They don’t think that complaining is just people’s prerogatives. They don’t take their own advice and stop complaining about the complainers on the theory that complaining about their complaining is only going to encourage the complainers to do some more complaining. No, these selective defenders of everyone’s rights to say whatever they want draw the line at complaining about bullying. You can say whatever you want. But complain about the abusive things others say? Whoah, whoah, whoah, now you’ve crossed the line. And there’s no point in complaining about what others say, people just can’t be stopped. Except if you’re complaining about other people complaining because that’s a moral necessity. Those people need to learn to shut up, and totally can be taught to do so so we’re just going to keep on telling them to shut up.

Their attitude that abusive verbal behavior should never be complained about because it can never be stopped is an astounding sort of immoral reactionary conservatism that denies the active role that people play in creating, perpetuating, and enforcing social and moral norms. No matter how “progressive”, “liberal” or “libertarian” their ideological beliefs, anyone who tells you to stop complaining about something immoral or harmful or unjust because that’s “just how things are”, that person is really a conservative in the worst and most consequential of ways. They are protecting implicit norms that make it socially acceptable (whether in the culture at large or in subcultures) to denigrate certain despised classes by pretending that verbal bullies are just unstoppable forces of nature that cannot be tampered with. They implicitly deny verbal abusers’ moral responsibilities and place great moral responsibility on the verbally abused to never complain lest anyone ever be made to feel like a word is off limits to be spoken or lest the complainers ever “let” themselves be victims (a much more heinous crime than verbal assault). Words are sacrosanct, even when they are used hatefully. Except they are not sacrosanct when they’re used to complain about other people’s hateful uses of words, naturally. And those complaining are assured moral and social norms can never change. So they should just stoically learn to deal or they want to be a victim and it’s their fault they feel abused.
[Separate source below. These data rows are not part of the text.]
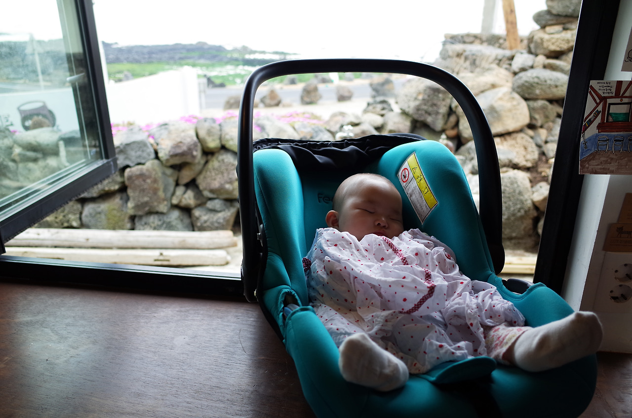 그렇게 순조롭게 우리의 첫 여행이 시작되었다. 미리 예약해둔 렌터카를 찾고, 추가로 유모차와 카시트까지 빌리니까 모든 준비가 완료. 공항을 벗어나서 해안가로 접어드니까 수인이는 카시트에서 평화롭게 잠에 빠져든다. 덕분에 아빠와 엄마는 맛있는 것을 마음껏 즐길 수 있었다. <꽃밥>에서 먹은 점심은 지금 또다시 생각날 정도로 정갈하고 맛있었고, 전에 혼자 갔던 카페 <매기의 추억>에서는 창 밖을 바라보며 평화롭게 커피도 한 잔 했다. 신혼부부처럼 둘만의 사진도 찍고. 날씨도 좋고, 마음도 평화로우니 특별한 무언가를 하거나 보지 않아도 참 좋고 편안한 시간이다.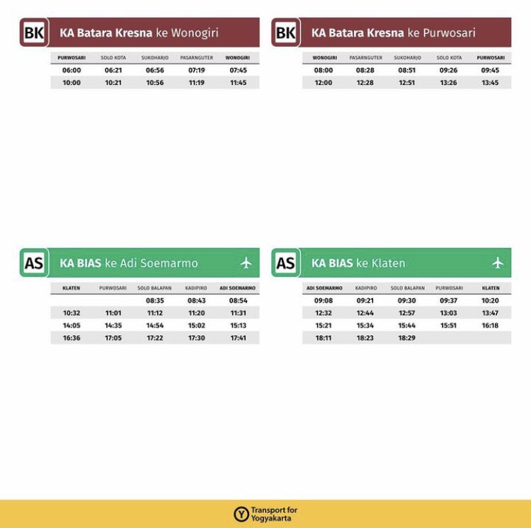 そして、問題のKAIが運行するソロ空港線。KAI普通列車扱いですので、空港線に関わらず、その運行実態を明らかにしないという、KAIの秘密主義の典型例ですが、さすがにそれではマズいよね、と一部の若者(ヲタ)たちが気づいており、公共交通原理主義サークルFDTJのジョグジャ支部が下記の時刻表を作成して公開していますので、貼っておきます。実は、この時刻表、公式が出すよりも早くツイッターに上げてくれていたのですが、公式が5月31日にまさかの修正を入れてきた為に一旦削除された後、Railinkと同様に昨日再アップされました。KAI Accessから裏取りしてみましたが、これで正しいようです。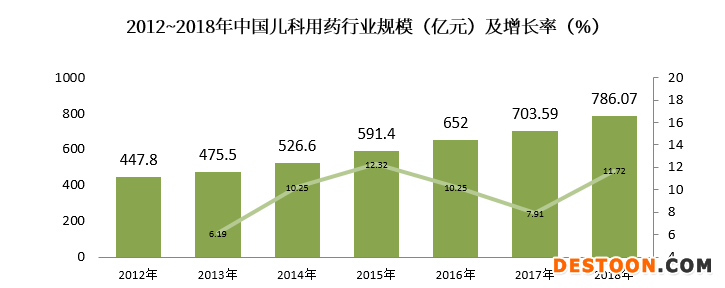 國內(nèi)市場兒童藥物規(guī)模與國際市場相匹配,2012年~2018年CAGR為+9.83%,2018年我國兒科用藥市場規(guī)模約為786.07億元,較上年同比增長11.72%,國內(nèi)兒科用藥市場規(guī)模增長迅速。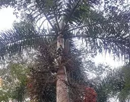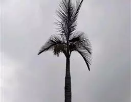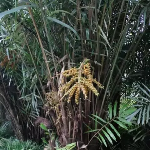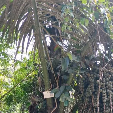 桄榔(学名:Arenga pinnata (Wurmb.) Merr. )是棕榈科,桄榔属乔木状植物,茎较粗壮,高可达10米,有疏离的环状叶痕。叶簇生于茎顶,羽状全裂,羽片线形或线状披针形,基部两侧常有不均等的耳垂,上面绿色,背面苍白色;花序腋生,花序梗粗壮,下弯,分枝多,佛焰苞多个,螺旋状排列于花序梗上;雄花大,果实近球形,具三棱,种子黑色,卵状三棱形,6月开花,果实约在开花后2-3年时间成熟。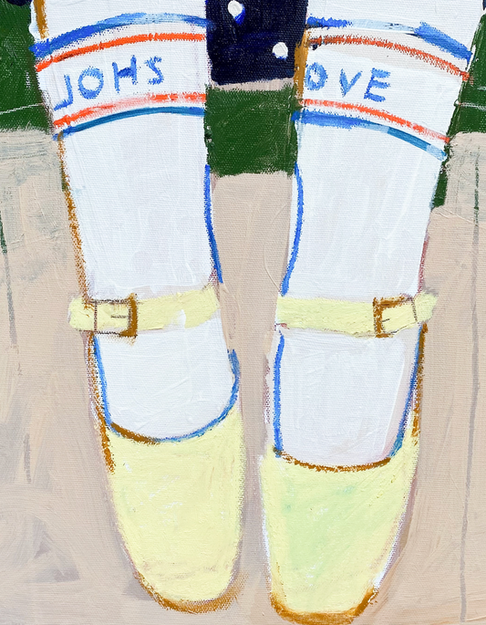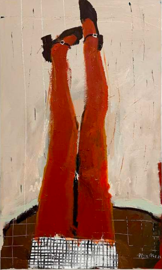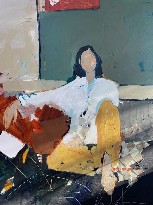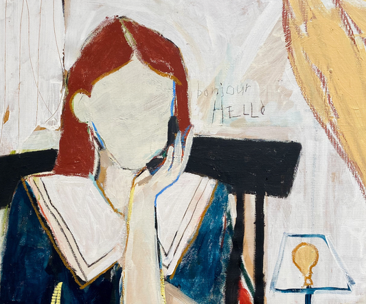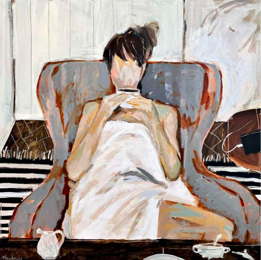 Aliya Abs created this exclusive collection from her memories of her stay in Paris. Her subjects are often depicted in vintage or historical settings, and the absence of facial features allows viewers to project their own emotions and interpretations onto the figures. Fragmented, childish, colorful, Aliya Abs' compositions breathe a sense of soft melancholy, a delicate perfume of temps perdu. Young girls are awkwardly posing, unsure of their postures, unsure of the game they should be supposed to play.
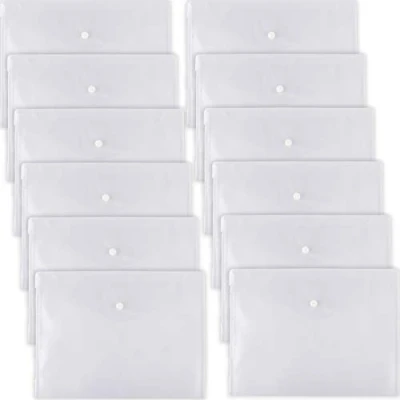 D.RECT 5530 Set 12 Pieces Document folders A4, File briefcases with Button Closure, Pocket Organizers for School and Office use, Envelope Organiser documents Letters, Clear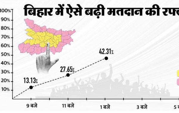 पहले चरण की 121 सीटों पर दोपहर एक बजे तक 42.31 प्रतिशत मतदान हुआ। निर्वाचन आयोग से प्राप्त जानकारी के अनुसार दोपहर 1 बजे तक औसतन 42.31 प्रतिशत मतदान दर्ज किया गया है। अब तक गोपालगंज जिले में सर्वाधिक 46.73 प्रतिशत वोटिंग हुई है, जबकि पटना में सबसे कम 37.72 प्रतिशत मतदाताओं ने अपने मताधिकार का प्रयोग किया है। अन्य जिलों में मधेपुरा में 44.16, सहरसा में 44.20, दरभंगा में 39.35, मुजफ्फरपुर में 45.41, सिवान में 41.20, सारण में 43.06, वैशाली में 42.60, समस्तीपुर में 43.03, बेगूसराय में 46.02, खगड़िया में 42.94, मुंगेर में 41.47, लखीसराय में 46.37, शेखपुरा में 41.23, नालंदा में 41.87, भोजपुर में 41.15 और बक्सर में 41.10 प्रतिशत मतदान दर्ज किया गया है। निर्वाचन आयोग के अनुसार मतदान शांतिपूर्ण ढंग से जारी है।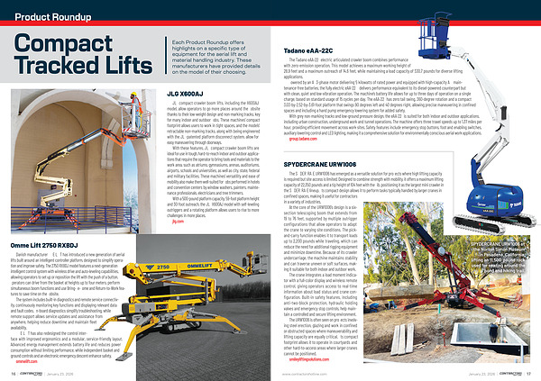 With grey non-marking tracks and low-ground pressure design, the eAA-22C is suited for both indoor and outdoor applications, including urban construction, underground work and tunnel operations. The machine offers three travel speeds up to 1.37 miles per hour, providing efficient movement across work sites. Safety features include emergency stop buttons, foot and enabling switches, auxiliary lowering control and LED lighting, making it a comprehensive solution for environmentally conscious aerial work applications. group. tadano. com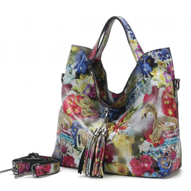 Designer Floral Women's Tote Handbags Elegant Flowers Colorful Hobos PU Leather Bags New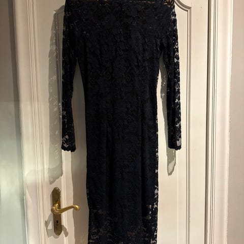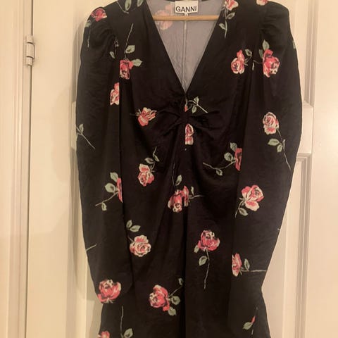 Ganni festkjole i størrelse S, farge beige, laget av polyester. Kjolen har et mønster med struktur og volanger nederst. Den har lange ermer og rund hals. Er litt stor i størrelse
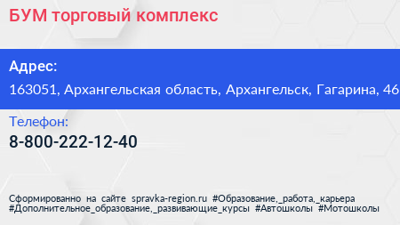 БУМ, торговый комплекс по адресу 163051, Архангельская область, Архангельск, Гагарина, 46 в дальнейшем Организация, размещена в следующих категориях: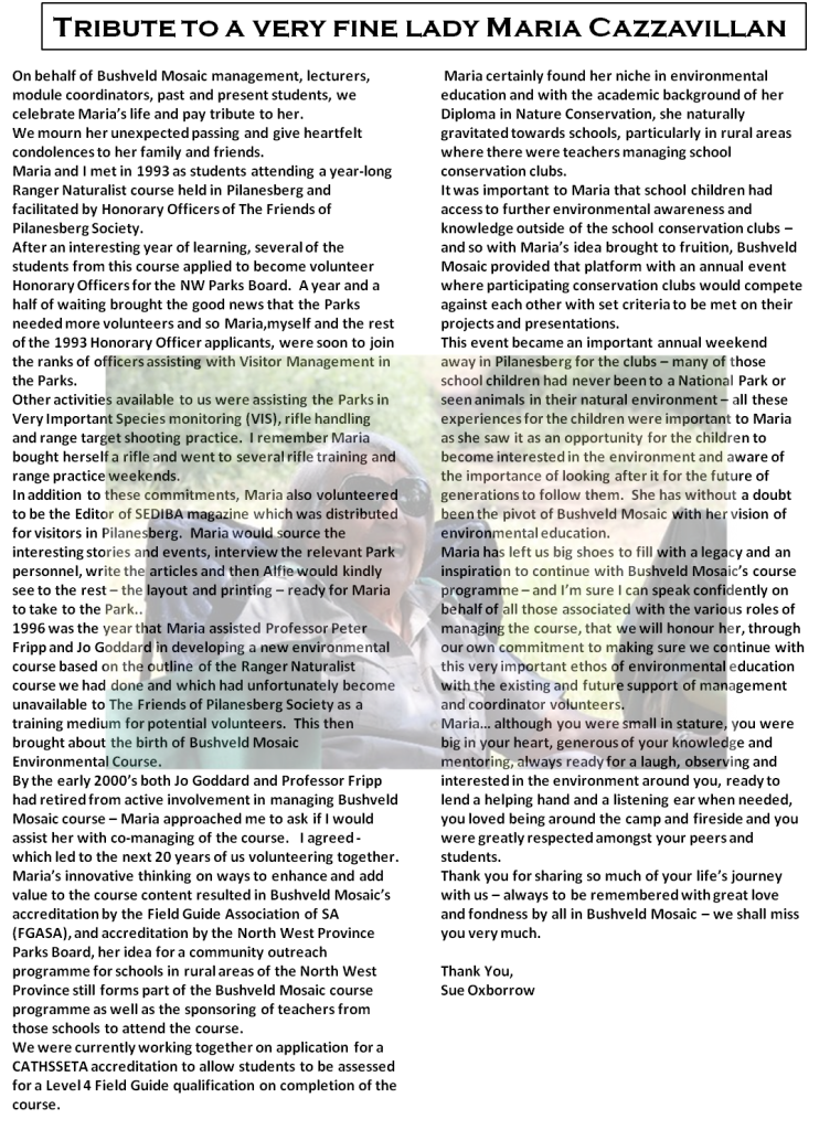 R.I.P Maria your memory will live on in Bushveld Mosaic

But sometimes a more sincere argument emerges. Sometimes members of marginalized groups and survivors of abuse themselves vociferously argue against anyone taking offense, on similarly stoic sounding grounds. Having themselves learned through great struggle to affirm themselves despite others’ hatreds and to endure without succor or mercy from their oppressors, they define their dignity by their ability to be impervious to the slings of others and they loathe the part of them that was once vulnerable and which once suffered at the hands of others.

And they get angry, and sometimes even abusive themselves, towards other survivors of abuse or subjects of marginalization for exhibiting, to their minds, the very weaknesses they despised and have lived vigorously trying to extirpate from themselves. They define themselves by their victory over victimhood. When they see others saying they are offended or upset, they see them as letting themselves be wounded. Having, to their minds, adamantly not let themselves be so reduced to victims controllable by others, they have contempt. They feel their own superiority in not being like those others who are like them but who, unlike them, apparently give their mutual tormentors the satisfaction of seeing they got to them.

So the counsel these types of survivors of abuse or marginalization give is that if only the targets of slurs and verbal bullying would stop taking offense the words would lose their power altogether. Words are just combinations of sounds (aurally) or shapes (in writing). Apart from conventions no arbitrary combinations of sounds or shapes has any intrinsically harmful meaning. The argument goes that only if people stop getting offended and reacting woundedly, those who verbally bully would lose this weapon to hurt those they seek to marginalize and abuse and oppress. If it never phases the targets a word loses its power and they, the thinking goes, lose their power over the minds of those they seek to victimize. By not “letting themselves” be victims, by not letting words have the power to hurt them, they suck away their oppressors’ power.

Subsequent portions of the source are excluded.